La recherche sur les coopérations interentreprises, "commanditée" par les dirigeants
d'entreprise, se trouve déterminée par les enjeux pratiques qui se posent à travers le
monde.
Les formes coopératives interentreprises s'ancrent, aux Etats-Unis, dans l'économie
internationale. Dans ce cadre, on observe un décallage évident entre les objectifs des
entreprises américaines associées dans des coentreprises à des partenaires japonais
engagés dans une stratégie d'apprentissage technologique à long terme à la poursuite
d'objectifs stratégiques. Les alliances entre entreprises américaines et européennes n'ont
pas suscité le même intérêt. De la simple coentreprise internationale souvent
commerciale, on passe à l'alliance stratégique globale et mondiale.
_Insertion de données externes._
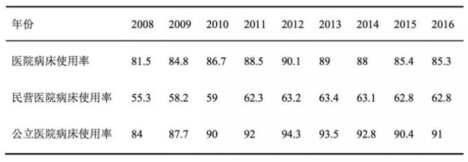 从2008年到2017年,我国公立医院的病床使用率从84.0%逐年增加至91.3%;民营医院的病床使用率同样呈增长趋势,从55.3%逐年增加至63.4%。与公立医院相比,民营医院病床使用率有近30个百分点的差距。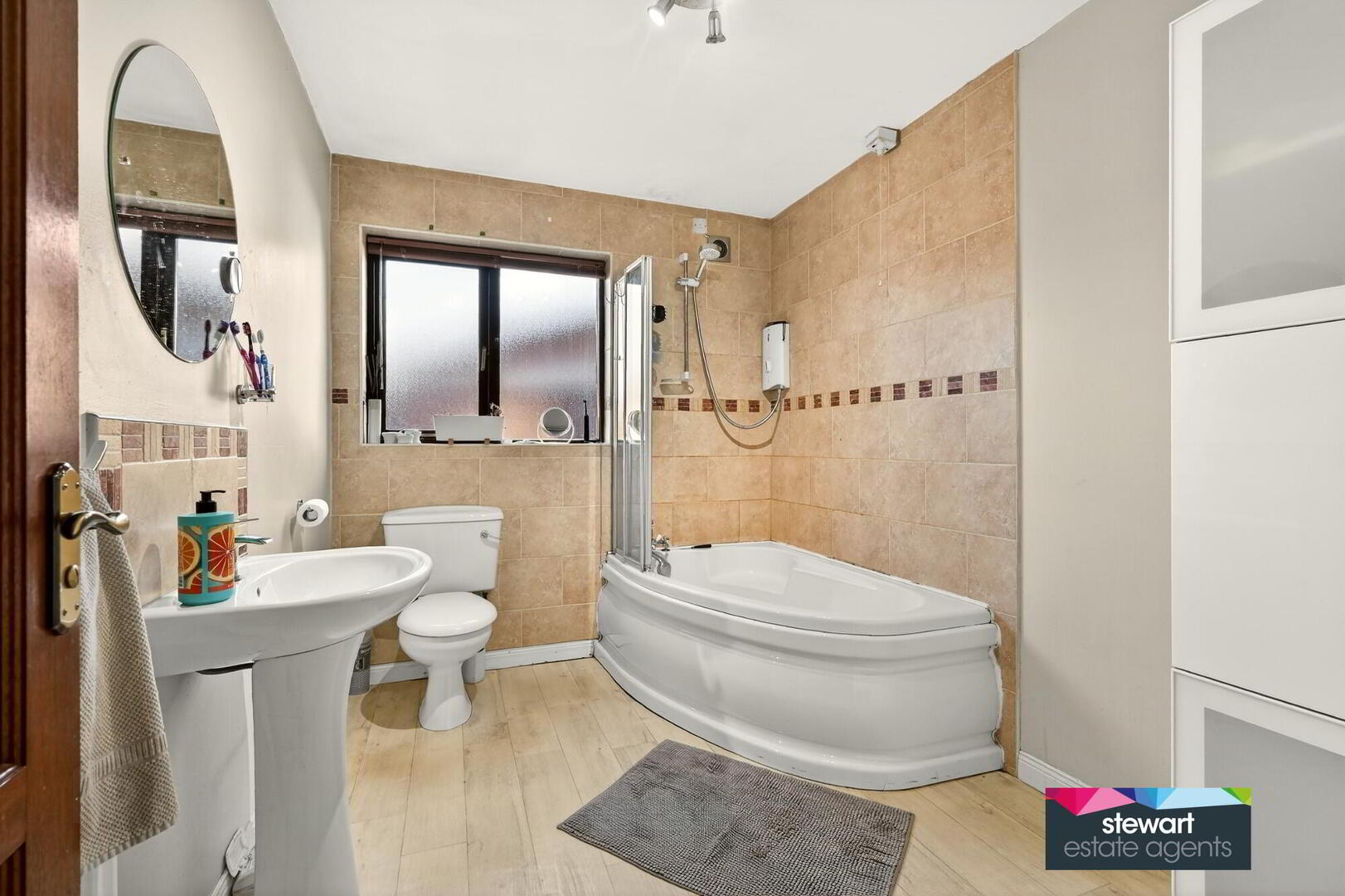 Downstairs bathroom with a modern style white suite including a corner style bath with shower fitment above, WC and wash hand basin. Partially tiled walls

Ce phénomène
va être fortement médiatisé et dramatisé au cours des années 1980.
Ce rééquilibrage des forces concurrentielles en faveur du Japon s'exprime dans le
management du développement technologique. La structure économique et sociale du
Japon s'adapte particulièrement bien à cet enjeu. Le mécanisme essentiel de l'économie
japonaise est le maillage, enchevêtrement de relations extérieures, entre recherche,
monde de la finance et entreprises industrielles autour de la figure centrale des
"keiretsu", groupements d'entreprises qui succèdent aux "zaibatsu", conglomérats
géants dissous après la deuxième guerre mondiale par l'occupant américain.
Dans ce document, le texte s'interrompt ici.